Any Distro should work on your machine. You'll just have to be careful not install various things, just as the GUI (X). I think the biggest problem you'll run into is finding a distro that you can install from floppies as most come on CD's. Some should allow you to install through FTP. Doing this through a modem is going to be painful though. 

If you're stuck using floppies, you can take a look at this link and see if any of these will suit your needs. http://www.linuxlinks.com/Distributions/Floppy/. Keep in mind that many of these floppy based distros are limited in scope due to the small packaging media.


----------



## w00t (Jun 30, 2004)

Were not talking dodge dart are we here?

Go back in time and search for some older versions of slackware (I am shure there is one that installs of of a floppy because our admin has a pentium pro laptop up with an older slak and it has no CD-ROM.

That will be l33t when you get it going.


----------



## GotDart (Dec 3, 2004)

> Were not talking dodge dart are we here?


Well actually, yes we are. :wink: 

Yes I was doing some research today and saw that ZipSlack is only about 100M fully installed. This sounded kind of promising. I also found a copy of PCHook, and I still have an old LapLink parallel cable so that may help downloading files. I'm thinking download the zip file off the internet to my Windows machine, blast it to the laptop with PCHook, extract it, then install it. Does that sound feasable?


----------



## gotissues68 (Sep 7, 2002)

An uber old version of slackware will work although zipslack is meant to be run off a zip drive itself rather then a hard disk. You might look into Peanut Linux which is something crazy like 50mb-100mb fully installed. http://www.ibiblio.org/peanut/ ....

just checked its up to 400mb bleh... I'll poke around and find one  gives me more reason to create my own distro heh


----------



## Skie (Mar 15, 2003)

gotissues68 said:


> gives me more reason to create my own distro heh



The "I've Got Issues Linux"?


----------



## w00t (Jun 30, 2004)

How in the heck are you going to get the info of the V8. You are going to have to make your own electronics system, with sensors and all. (I am sorry if you have the mind to do such a thing, and if you do I applaud you)

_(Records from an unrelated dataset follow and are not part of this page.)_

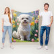 Bichon Frise Dog Spring Blumen Malerei Fleecedecke
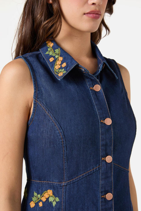 Säg hej till din nya denimdagdröm. Flower Child Embroidered Dress ger en groovy 70-talsanda till en modern minisilhuett, med söta retroblommor sydda på klassisk bomullsdenim. Det är det perfekta plagget att kasta på sig och ta med för bekymmerslösa dagar och avslappnad lager-på-lager-klädsel.
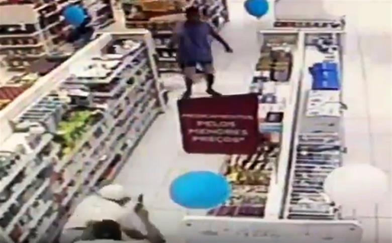 Assalto em Guarujá: vídeo mostra bandido sendo morto por PM em farmácia
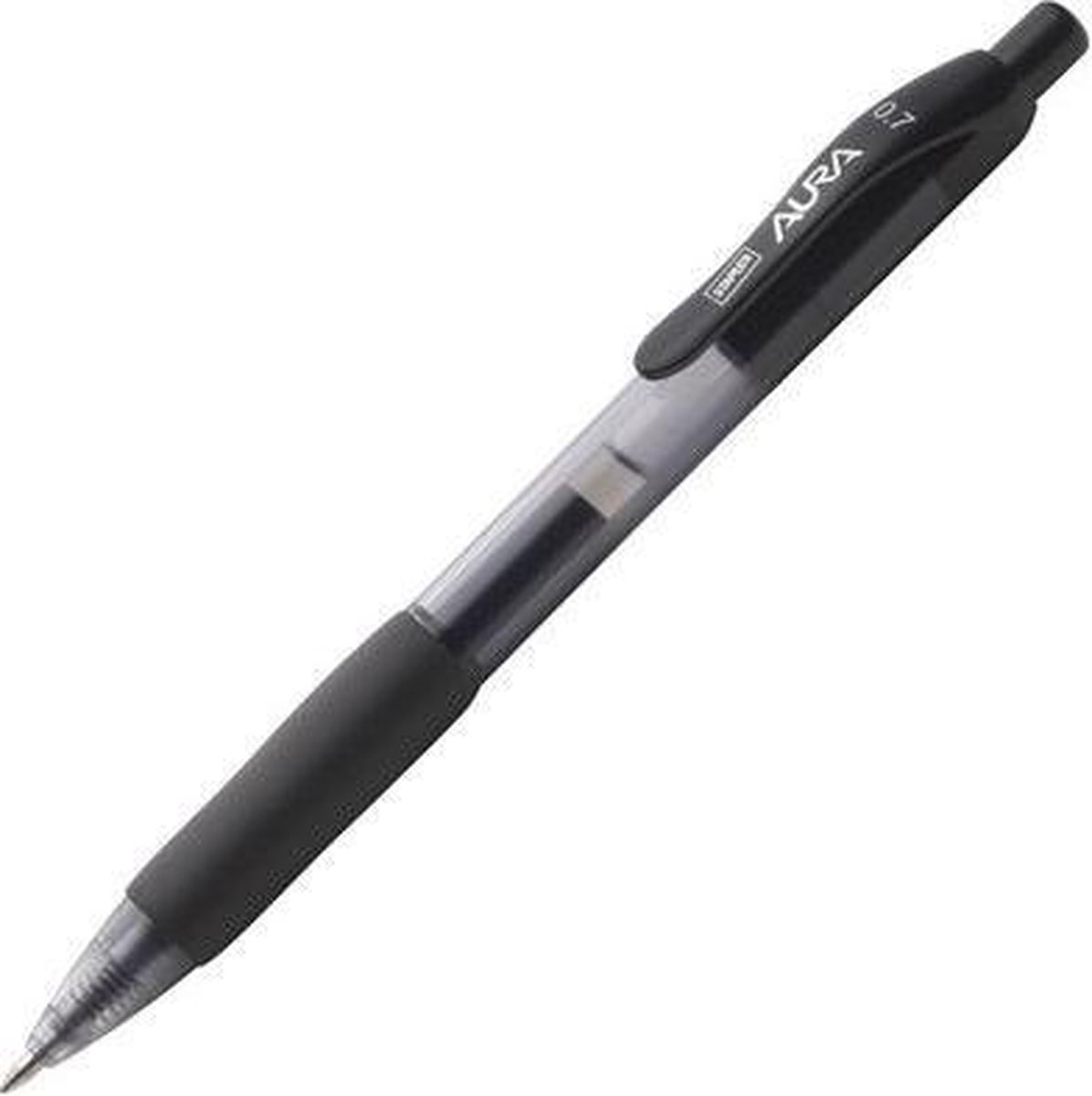 Staples Aura gelpen met kliksysteem, medium punt van 0,7 mm, zwarte inkt, doorzichtige huls met grip (pak 12 stuks)
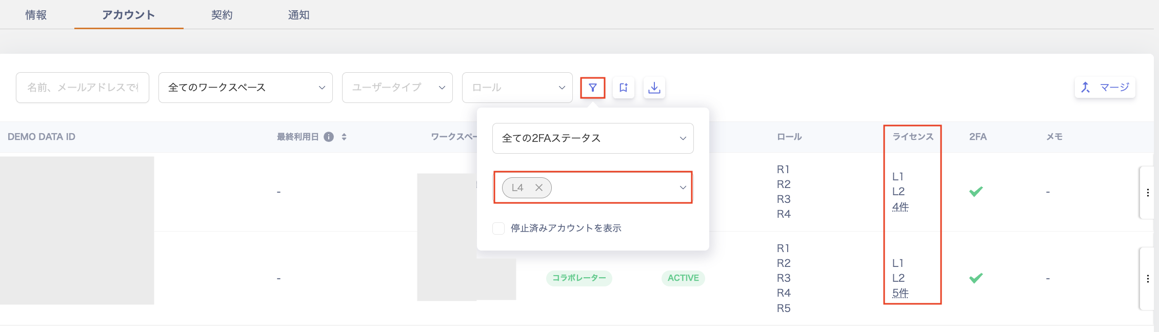 画面上部の絞り込み「ライセンス」では、登録したライセンスでの絞り込みも可能です。
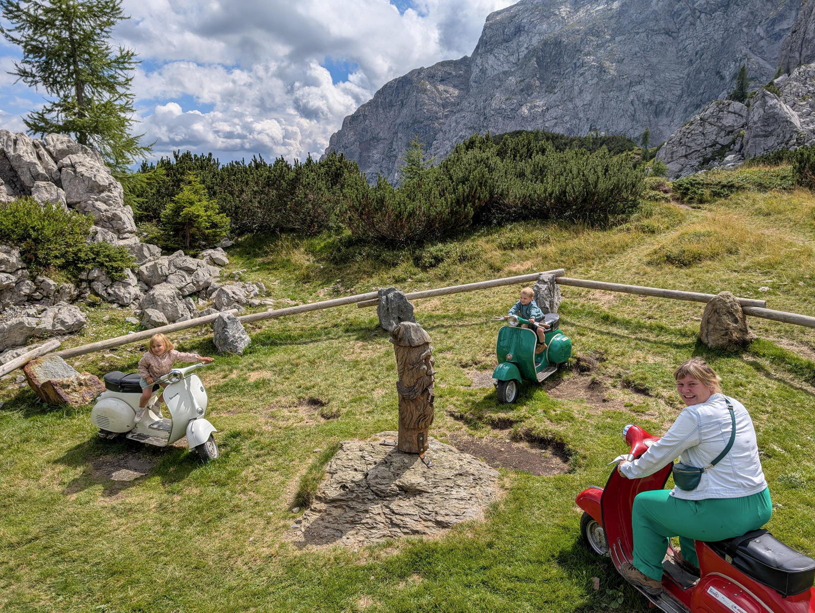 Je zou denken dat het hier eindigt? Mis! We rijden nog even verder naar het zuidelijke deel van Karinthië voor een verblijf bij ALPS RESORTS, partner van onze Pasar-ledenvoordelen. Chalets & Glamping Nassfeld bevindt zich bij de Karnische Alpen, waar de Millennium Express kabelbaan ons in een mum van tijd naar een hoogte van 1.900 meter en in het kielzog van de Rosskofel brengt. Hier volgen we de Aqua Trail, een speels pad met waterspelen, fonteinen, dammen, speeltuigen, trampolines en glijbanen. Eerst bergafwaarts, vervolgens al stijgend, volgen we een paadje van 1,5 km. Tijdens de route steek je verschillende keren de Italiaans-Oostenrijkse grens over. De kleurrijke vespa’s in groen, wit en rood maken ons duidelijk wanneer we waar we ons bevinden, net zoals enkele ludieke tolpoortjes. Al ziet onze zoon er een huisje in om gelato te verkopen…

Make yer own distro YAY!!!!!!!!!!!!!


----------



## gotissues68 (Sep 7, 2002)

w00t said:


> How in the heck are you going to get the info of the V8. You are going to have to make your own electronics system, with sensors and all. (I am sorry if you have the mind to do such a thing, and if you do I applaud you)
> ======
> ^
> Huh?
> ...


========
^
http://lfs.osuosl.org/lfs/news.html


----------



## Skie (Mar 15, 2003)

w00t said:


> How in the heck are you going to get the info of the V8. You are going to have to make your own electronics system, with sensors and all. (I am sorry if you have the mind to do such a thing, and if you do I applaud you)
> 
> Make yer own distro YAY!!!!!!!!!!!!!


Uhh... We're not talking about cars here. This is a thread about Linux on a 486 computer. 

And making your own distro isn't that complicated.


----------



## w00t (Jun 30, 2004)

I didn't mean that making your own distro was hard, I said that making an entire electronics system for an older V8 is very hard to do. 

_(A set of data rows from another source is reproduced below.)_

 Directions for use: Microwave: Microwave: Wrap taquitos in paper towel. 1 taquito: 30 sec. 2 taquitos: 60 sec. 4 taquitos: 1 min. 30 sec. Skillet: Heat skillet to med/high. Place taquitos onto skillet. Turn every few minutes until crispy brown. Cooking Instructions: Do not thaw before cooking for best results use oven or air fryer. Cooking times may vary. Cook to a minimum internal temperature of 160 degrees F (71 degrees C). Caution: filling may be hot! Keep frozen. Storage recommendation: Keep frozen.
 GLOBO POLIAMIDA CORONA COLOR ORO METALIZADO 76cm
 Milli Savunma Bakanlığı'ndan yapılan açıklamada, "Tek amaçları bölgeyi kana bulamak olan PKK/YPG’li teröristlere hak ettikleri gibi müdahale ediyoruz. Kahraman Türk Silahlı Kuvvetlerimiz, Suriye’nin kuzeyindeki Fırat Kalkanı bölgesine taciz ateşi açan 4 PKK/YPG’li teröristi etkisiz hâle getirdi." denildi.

I know we are not talking about cars but his laptop IS to monitor the stats of his motor.


----------



## GotDart (Dec 3, 2004)

Well hopefully I just made things easier by obtaining a docking station for my laptop. This gives me an ethernet port and two IDE drive bays which should make loading large SW components easy. Now I just need a basic distribution that will still provide the features I need.

The application SW I want to run requires 'FreeBSD and Mac OS-X (with fink and the necessary support libraries installed)'. Not being familiar with Linux, I have no idea what this means. Is this part of any basic installation? What functions do these components enable?

w00t, this is the EFI controller I am building. MegaSquirt
It is in sort of the same spirit as Linux in that it is completely open source.


----------



## Skie (Mar 15, 2003)

Fink basically allows you to compile Linux/Unix code on MacOS X. http://freshmeat.net/projects/fink/.


----------



## w00t (Jun 30, 2004)

Wow, I must say that is cool,you gonna put together your own manifold?

Ive used fink a couple times at school on the macs to run some linux stuff, but I never really bother with it enough to know anything about it. I would just run Linux.

Dart go and get an IDE CD-ROM and load up some Linux on your laptop.


----------